# rapid flashing signals/hazards



## dare devil (Aug 3, 2005)

I have an 05 Se-R....I have always like when the turn signals flash at a rapid rate, I had ir on my previous car, and did it by putting a diffrent size bulb.....does anyone have this monir mod on their car?....if so, what size bulbs have yall used, or what methods did yall take, do accomplish this?...thanks! :waving:


----------



## slhaas (May 1, 2005)

Actually, isn't it a different flasher that you have to install, not different bulbs?
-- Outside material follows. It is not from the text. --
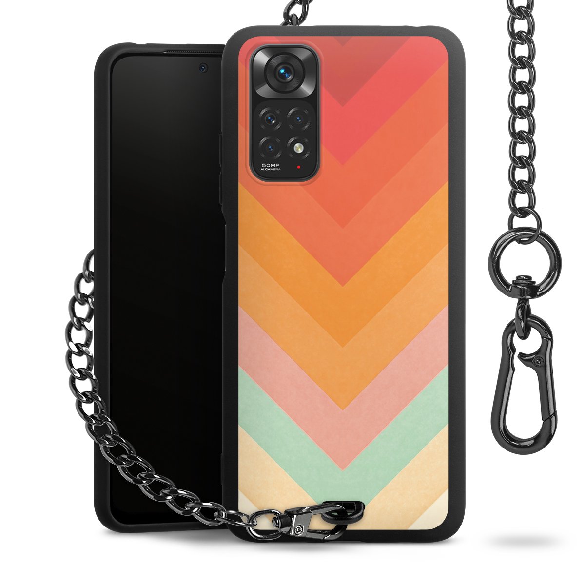 • Mattschwarze Handyhülle mit Metallkette

Theyre pretty cheap at any auto parts store.


----------



## Jarek (Mar 29, 2005)

totally rice i say... but to each to their own


----------



## damonfong0 (Jul 13, 2005)

dare devil said:


> I have an 05 Se-R....I have always like when the turn signals flash at a rapid rate, I had ir on my previous car, and did it by putting a diffrent size bulb.....does anyone have this monir mod on their car?....if so, what size bulbs have yall used, or what methods did yall take, do accomplish this?...thanks! :waving:


i heard something about lowering the resistance to raise the current... but i'm not sure.... just something i heard when passing by my auto teacher.. i wasnt paying attention


----------



## RBI*04 (Sep 10, 2004)

i hate that. makes me feel like im gonna have a seizure, especially when im behind 'tard's with that "mod"


----------



## Ninety-Nine SE-L (May 5, 2002)

lowering the current usually causes the blinker to flash at a rapid rate. Putting in those LED 1156/7 bulbs sometimes does the trick. I think it's kind of stupid to do it. The reason for the quick flashing is to tell you a bulb is burnt out.


----------



## packerfan3001 (Dec 11, 2004)

my right flasher flashes rapidly with the lights off and slowly with the lights on, but my left side is normal


----------



## xbrandonx (Mar 27, 2004)

packerfan3001 said:


> my right flasher flashes rapidly with the lights off and slowly with the lights on, but my left side is normal


Then you probably have a light out on your right side. When a bulb burns out the resistance lowers because there is only one bulb. hit your flashers and get out and check to see. Thats probably what it is.


however if you want them to blink fast, try what justin suggested, get LED lights. LED lights require less power and have a lower resistance. Damn think what happends when one of them goes out!


----------



## Sentrixx (Apr 30, 2002)

LIU!!!! Wana step in here?


----------



## SmokeScream (Aug 25, 2005)

dare devil said:


> I have an 05 Se-R....I have always like when the turn signals flash at a rapid rate, I had ir on my previous car, and did it by putting a diffrent size bulb.....does anyone have this monir mod on their car?....if so, what size bulbs have yall used, or what methods did yall take, do accomplish this?...thanks! :waving:


Bosch make and adjustable flasher that you can set from 60-120 flashes per minute.


----------



## Camarok (Feb 10, 2005)

pop in some leds


----------



## 2nrguy (Feb 18, 2005)

got some LED's in my 99SEL and thinking about trying something else, they do blink fast but its not that annoying to me i just want a little brighter. any ideas??


----------



## xbrandonx (Mar 27, 2004)

my silverstars are quite blinding.


----------